Le cas Polanski n'a jamais été abordé lors des contacts que la
ministre de la Justice a eus avec les Etats-Unis au cours des
derniers mois, précise-t-elle.
Il est exceptionnel que la personne en charge du Département
fédéral de justice et police (DFJP) soit informée d'une arrestation
avant que celle-ci se produise. L'Office fédéral de la justice l'a
fait car il a jugé qu'il s'agissait d'un cas particulier, qui
allait entraîner des réactions sur la scène politique
internationale. Cela n'a pourtant pas eu d'influence sur la
procédure de police judiciaire qui a suivi son cours.
La responsable du DFJP souligne qu'il n'y avait aucune raison de
ne pas exécuter le mandat d'arrêt délivré par les Etats-Unis. Dans
un pareil cas, la Suisse aurait attendu la même attitude d'un autre
pays.
Interrogé par un journaliste sur sa réaction en tant que ministre
de la Culture, Pascal Couchepin a souligné qu'il défendait en
priorité l'Etat de droit. Il considère Roman Polanski comme un
"grand artiste", mais ajoute: "Je ne vois pas quelle finesse on
aurait pu introduire": en droit, les choses sont claires.
Nombreux mandats d'arrêt
A la question de savoir pourquoi Roman Polanski, qui s'est
régulièrement rendu en Suisse où il possède un chalet, n'avait pas
été arrêté plus tôt, Eveline Widmer-Schlumpf relève qu'il n'est pas
imaginable que la police traite activement les nombreux mandats
d'arrêt émis par d'autres pays. Elle peut par contre le faire
lorsqu'un Etat lui transmet des informations concrètes.
Le cinéaste âgé de 76 ans, Oscar du meilleur réalisateur (2003) et
Palme d'Or à Cannes (2002) pour "Le Pianiste", a été arrêté samedi
à Zurich alors qu'il se rendait à un festival pour recevoir un prix
et une éloge du directeur de l'Office fédéral de la culture.
Polanski, qui s'est opposé à son extradition, est recherché par la
justice américaine après une procédure ouverte en 1977 pour des
"relations sexuelles illégales" avec une adolescente de 13 ans.
Celle-ci a demandé en janvier dernier l'abandon des poursuites afin
de pouvoir tourner la page.
ap/ats/bri
La Pologne est à son tour divisée
Tout comme en France et en Grande-Bretagne, les artistes et hommes politiques en Pologne étaient divisés mercredi sur l'arrestation du cinéaste, qui avait d'abord suscité une vague d'indignation.

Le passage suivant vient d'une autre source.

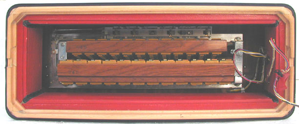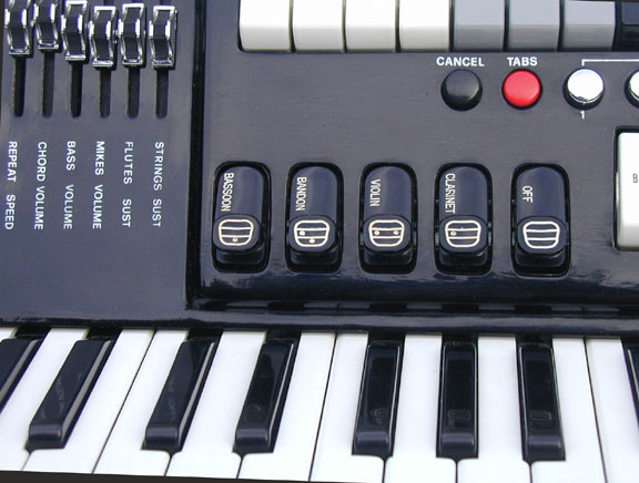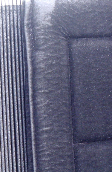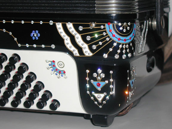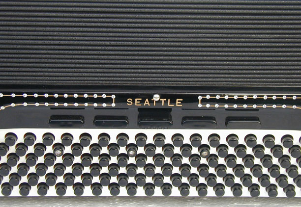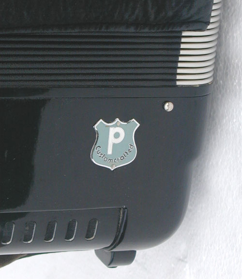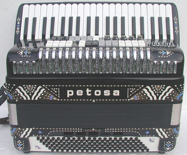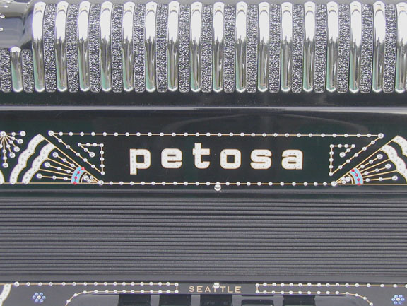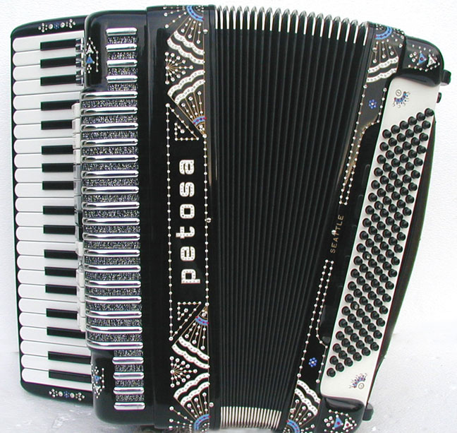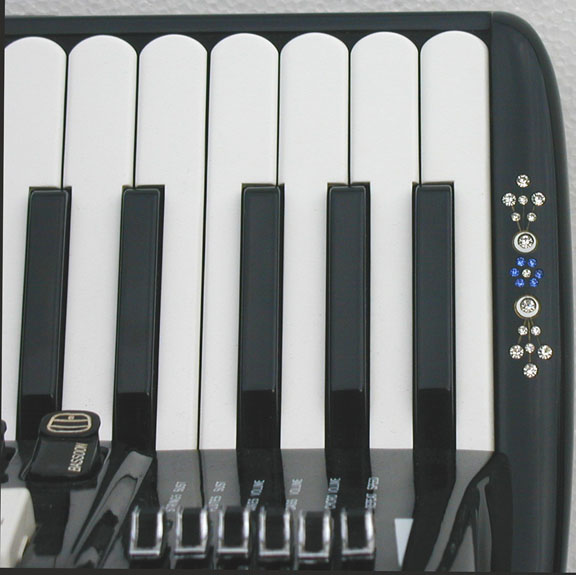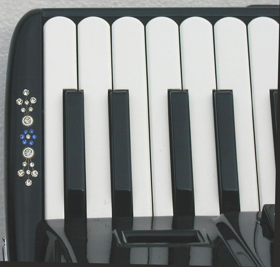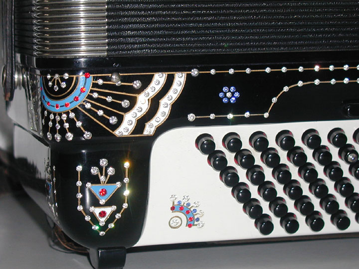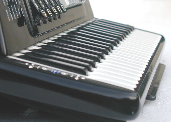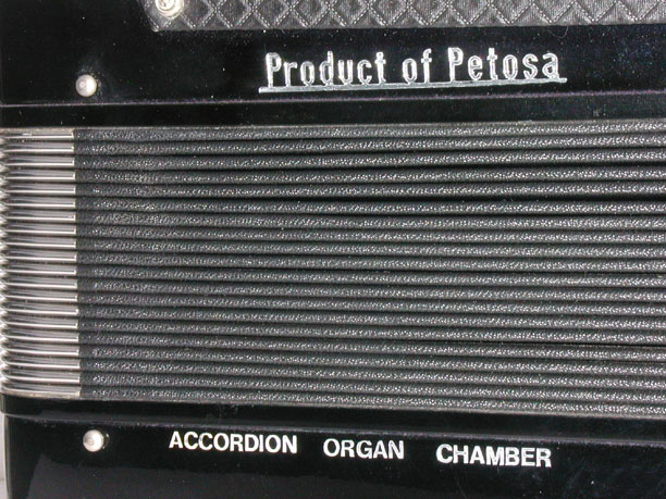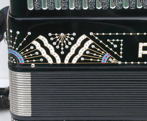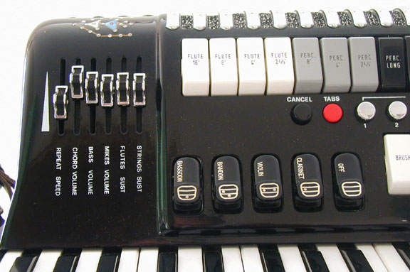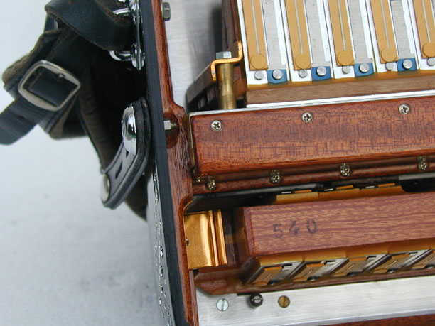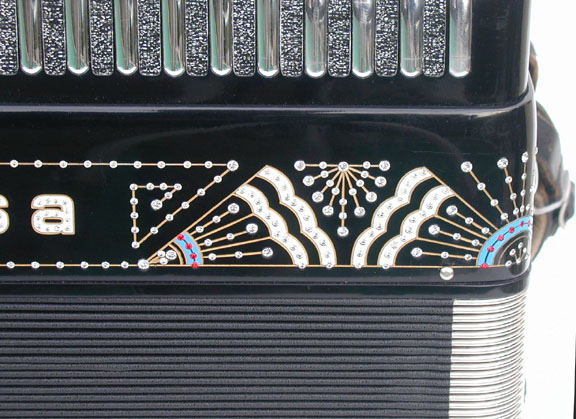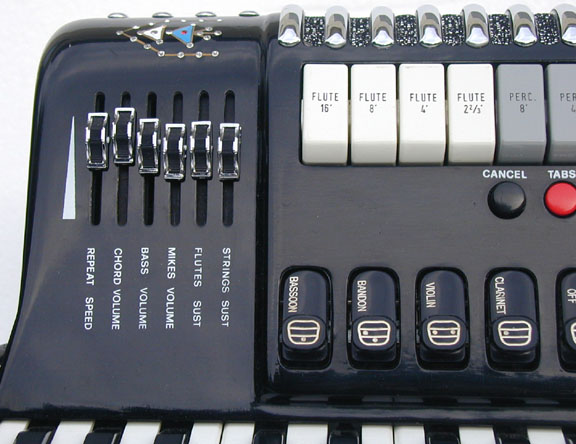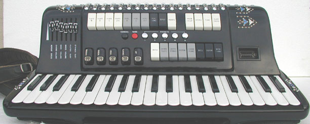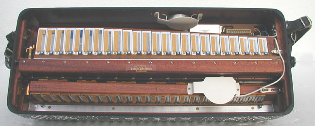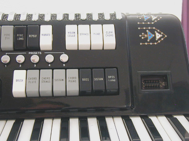 The instrument has three sets of treble reeds and four sets of bass reeds. Of the treble reeds, there are two in the tone chamber, the Low (bassoon) reeds and the Middle (Clarinet) reeds. It is a full size 41 key, 120 bass accordion; the dimension of the keyboard is 19 1/4 inches across the keys. The keyboard is "fast". The reeds are hearty; acoustically, the accordion "barks" (can be played loudly) with no evidence of choking. Bellows are in excellent condition and provide firm compression. There is no evidence of mildew or musty smell. The accordion has two microphones; the microphone volume control is provided on the control panel (see photos). The accordion can be played with an external generator tailored for this instrument. The possible electronic sounds are implied by the photos of the control panel. On the treble side, selections include: 5 presets, organ / flute sounds, piano, clavichord, violin cello, strings. For the bass side, the chord selections include, piano, flute, strings, with a brush effect. The bass/ counter-bass selections allow either (string) bass or piano. External generators which are available come with or without a MIDI output port. With the MIDI output port additional synthesizers/ arrangers can be controlled. Also available is an external interface module, made by ELKA, EK2000, with a MIDI output. When connected to this accordion, the EK2000 external module allows the control of MIDI controlled synthesizers/ arrangers. The EK2000 is the size of a large brick. The electronic generators can be played with or without the acoustic accordion. Conversely the acoustic accordion can be played with or without the electronic generators. Many photos, taken in November 2006, are provided below to show details of the instrument. The photos of the reeds/ leathers show that they are in excellent condition. The beautiful decor of the instrument is obvious from the photos. The accordion straps, bellows protection pad and the bass strap are in good to excellent condition. The bellows retention straps are made of leather and are in excellent condition. The quality of the bellows protection pad can be observed in a photo below. Summary information about the accordion: Weight: 30 pounds Full 41 key treble keyboard Three Sets of Treble Reeds consisting of one

Le Premier ministre Donald Tusk a pris ses distances avec le chef de la diplomatie polonaise Radoslaw Sikorski, auteur avec Bernard Kouchner d'une lettre à Hillary Clinton demandant la libération du cinéaste. "Nous ne devons pas y mélanger la politique, ni jouer la corde patriotique", a-t-il déclaré.
Plusieurs cinéastes polonais, dont Andrzej Wajda, poursuivaient eux la collecte des signatures pour demander aux dirigeants polonais d'intervenir en faveur de Polanski. "Les événements d'il y a 30 ans et le rôle que Roman Polanski y avait joué méritent un jugement moral négatif. Mais nous attirons l'attention sur le fait que le départ de Polanski des Etats-Unis n'était qu'une fuite devant un lynchage juridique", ont écrit les cinéastes.
Le réalisateur Krzysztof Zanussi a lui déclaré: "S'il (Polanski) n'était pas un personnage célèbre, le fait d'avoir profité il y a plus de 30 ans à Los Angeles, ville connue pour la liberté des moeurs, des services d'une prostituée mineure n'aurait eu aucune suite aujourd'hui".
L'actrice et journaliste Joanna Szczepkowska, très connue en Pologne, a qualifié cette déclaration de "scandaleuse".